SUPPLIED INFORMATION:
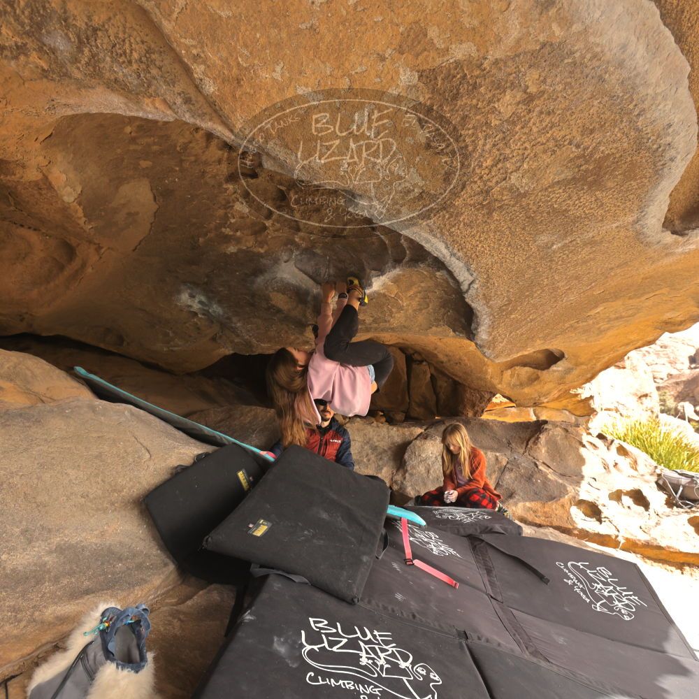 Blue Lizard Climbing and Yoga Hueco Tanks guiding on January 17, 2025, with Andre & Adrian, Elliott & Eme & Harper & Wren, Matt& Ruby& Shannon, and Spencer |
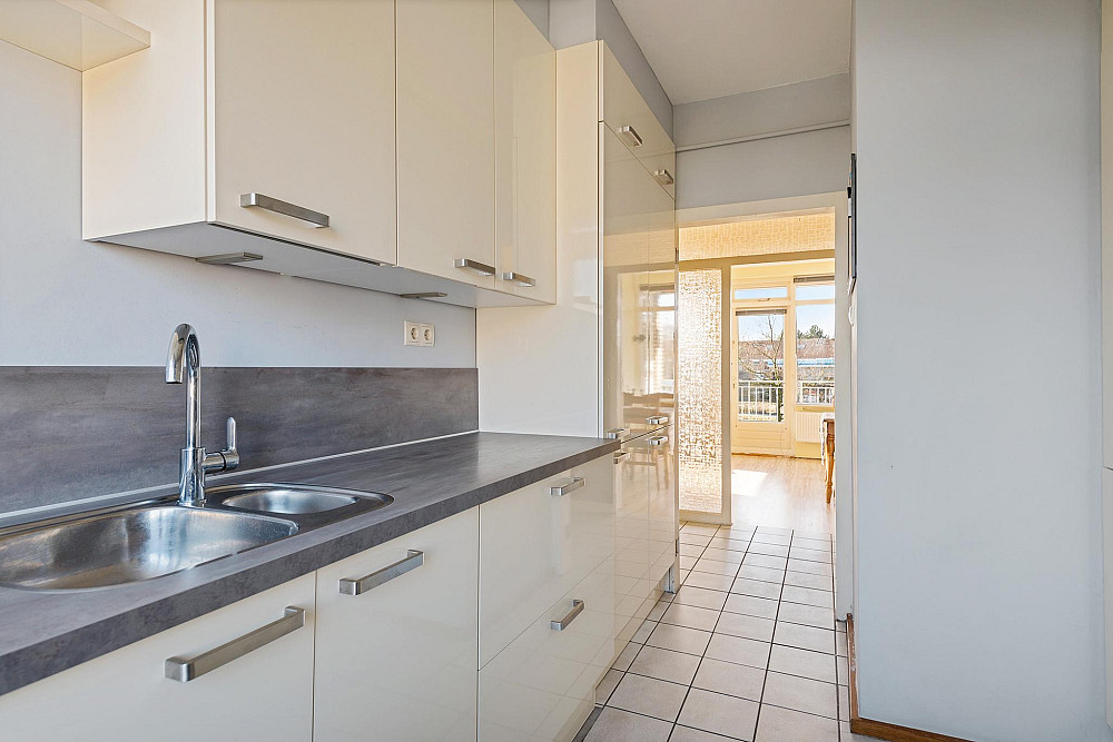 Entree, hal met garderobe. Toiletruimte met vrijdragend toilet. Lichte woonkamer (ca. 23 m²) met open haard en vrij uitzicht, toegang tot het zonnige balkon (ZW-ligging) met zonnescherm. Keuken (uit 2017) met een klein balkon en diverse inbouwapparatuur, waaronder een vaatwasser, inductiekookplaat, koelkast, vriezer, afzuigkap en oven. Drie ruime slaapkamers, waarvan één met een vaste kast. Extra bergkamer, geschikt voor opslag of hobbyruimte. Badkamer voorzien van een douchecabine en wastafel.
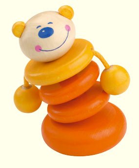 Made of beechwood, Haba Growl - Clutching Toy is built for babies. Little ones will enjoy grabbing this rattle and listening to its soft sound. Help kids develop their sensory perception while they tightly clutch this toy in their little hands. The attractive colors used in this rattler are water-based and nontoxic.
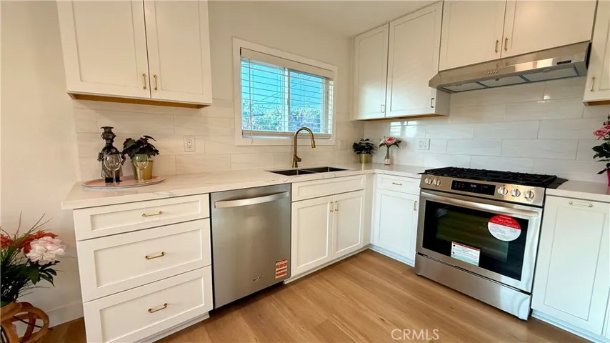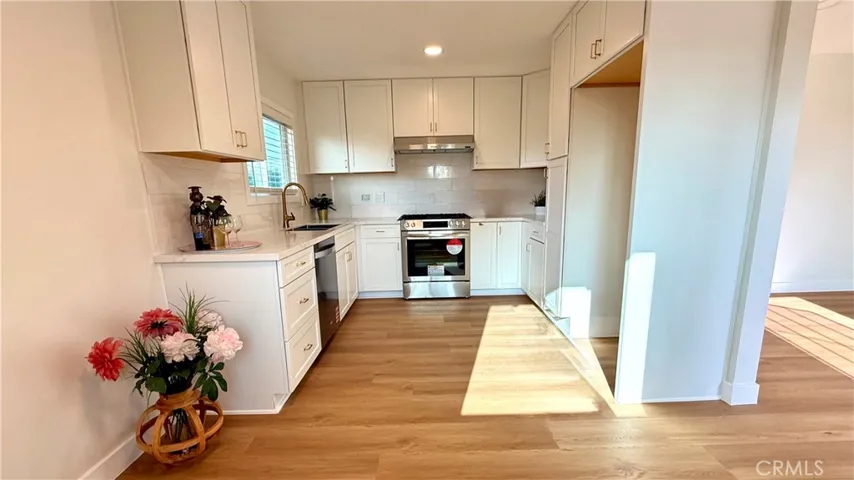 The brand new kitchen includes quartz countertops, tile backsplash, new cabinetry, pantry, dishwasher, gas stove/oven, and refrigerator. Bedrooms offer mirrored closet doors and extra storage, while the fully renovated bathroom boasts Andover White porcelain tile, a comfort-height toilet, and a floating vanity cabinet.

TRY IT: Please write out exactly the lines from the one holding "Made of beechwood, Haba" through the last line of the material above, both included, as a copy without pictures.

RESULT BELOW:
 Made of beechwood, Haba Growl - Clutching Toy is built for babies. Little ones will enjoy grabbing this rattle and listening to its soft sound. Help kids develop their sensory perception while they tightly clutch this toy in their little hands. The attractive colors used in this rattler are water-based and nontoxic.
 The brand new kitchen includes quartz countertops, tile backsplash, new cabinetry, pantry, dishwasher, gas stove/oven, and refrigerator. Bedrooms offer mirrored closet doors and extra storage, while the fully renovated bathroom boasts Andover White porcelain tile, a comfort-height toilet, and a floating vanity cabinet.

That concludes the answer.